EXERCISE BRIEF ::
Please return every line of the records below that holds the word "feel".

EXERCISE MATERIALS ::
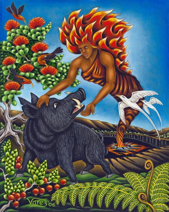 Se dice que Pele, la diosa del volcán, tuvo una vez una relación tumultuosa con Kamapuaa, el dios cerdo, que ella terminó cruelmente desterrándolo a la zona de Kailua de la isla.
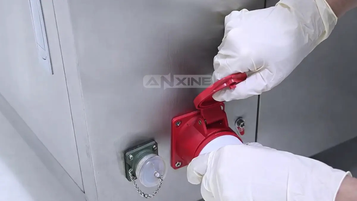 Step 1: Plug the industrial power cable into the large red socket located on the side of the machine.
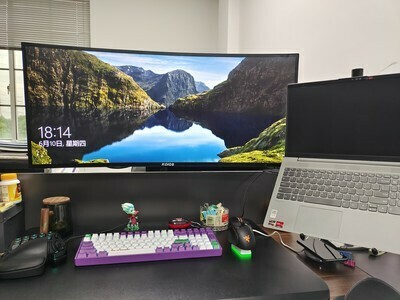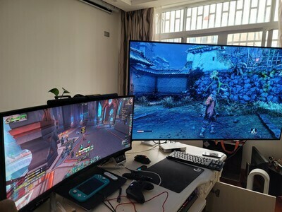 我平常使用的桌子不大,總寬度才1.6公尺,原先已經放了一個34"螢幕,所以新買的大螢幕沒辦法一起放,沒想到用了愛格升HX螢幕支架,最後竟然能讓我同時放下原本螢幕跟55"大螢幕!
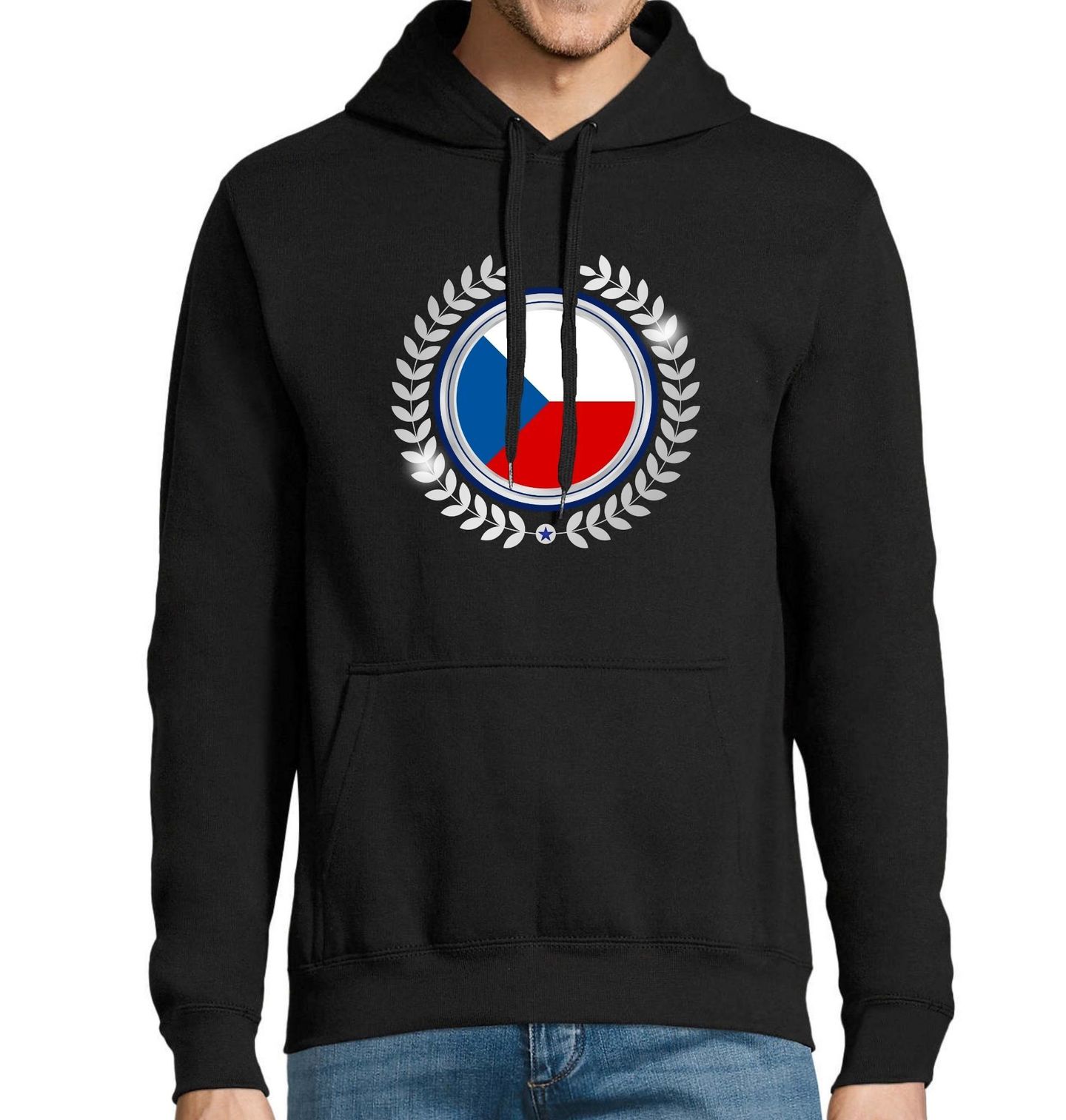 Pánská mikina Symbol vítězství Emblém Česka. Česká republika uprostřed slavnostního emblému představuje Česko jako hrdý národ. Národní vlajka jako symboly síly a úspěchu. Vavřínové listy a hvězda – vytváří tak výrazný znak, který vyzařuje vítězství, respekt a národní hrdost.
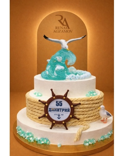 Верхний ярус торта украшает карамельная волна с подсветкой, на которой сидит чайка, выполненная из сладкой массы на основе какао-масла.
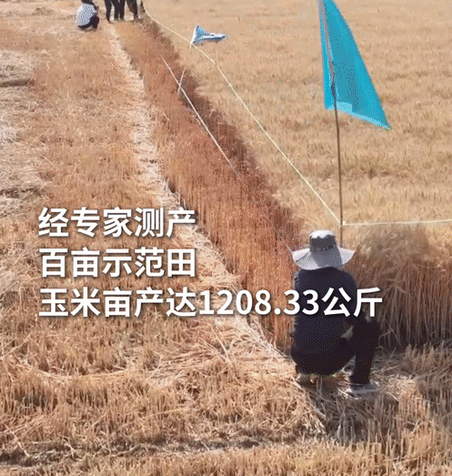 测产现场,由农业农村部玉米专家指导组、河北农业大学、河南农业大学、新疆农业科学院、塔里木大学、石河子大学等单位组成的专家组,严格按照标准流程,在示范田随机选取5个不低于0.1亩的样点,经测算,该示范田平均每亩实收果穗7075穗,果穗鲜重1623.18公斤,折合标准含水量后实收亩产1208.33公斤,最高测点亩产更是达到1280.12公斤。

==

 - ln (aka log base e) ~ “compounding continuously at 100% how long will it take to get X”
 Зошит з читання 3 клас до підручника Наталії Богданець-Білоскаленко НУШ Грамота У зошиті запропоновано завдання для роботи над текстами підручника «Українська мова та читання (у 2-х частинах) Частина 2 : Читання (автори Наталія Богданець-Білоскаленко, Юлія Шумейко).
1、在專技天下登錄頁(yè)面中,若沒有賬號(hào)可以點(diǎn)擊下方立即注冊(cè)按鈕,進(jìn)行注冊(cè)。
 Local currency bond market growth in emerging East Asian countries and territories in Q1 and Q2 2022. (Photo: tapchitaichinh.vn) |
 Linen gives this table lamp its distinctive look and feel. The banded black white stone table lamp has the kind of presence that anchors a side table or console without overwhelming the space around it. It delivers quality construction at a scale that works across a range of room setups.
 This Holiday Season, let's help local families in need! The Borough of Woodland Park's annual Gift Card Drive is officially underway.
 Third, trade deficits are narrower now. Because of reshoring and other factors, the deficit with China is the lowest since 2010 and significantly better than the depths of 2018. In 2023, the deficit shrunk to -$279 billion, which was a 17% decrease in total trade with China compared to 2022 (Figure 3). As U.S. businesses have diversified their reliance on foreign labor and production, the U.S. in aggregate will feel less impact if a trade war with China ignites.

YOUR SOLUTION ::
 Linen gives this table lamp its distinctive look and feel. The banded black white stone table lamp has the kind of presence that anchors a side table or console without overwhelming the space around it. It delivers quality construction at a scale that works across a range of room setups.
 Third, trade deficits are narrower now. Because of reshoring and other factors, the deficit with China is the lowest since 2010 and significantly better than the depths of 2018. In 2023, the deficit shrunk to -$279 billion, which was a 17% decrease in total trade with China compared to 2022 (Figure 3). As U.S. businesses have diversified their reliance on foreign labor and production, the U.S. in aggregate will feel less impact if a trade war with China ignites.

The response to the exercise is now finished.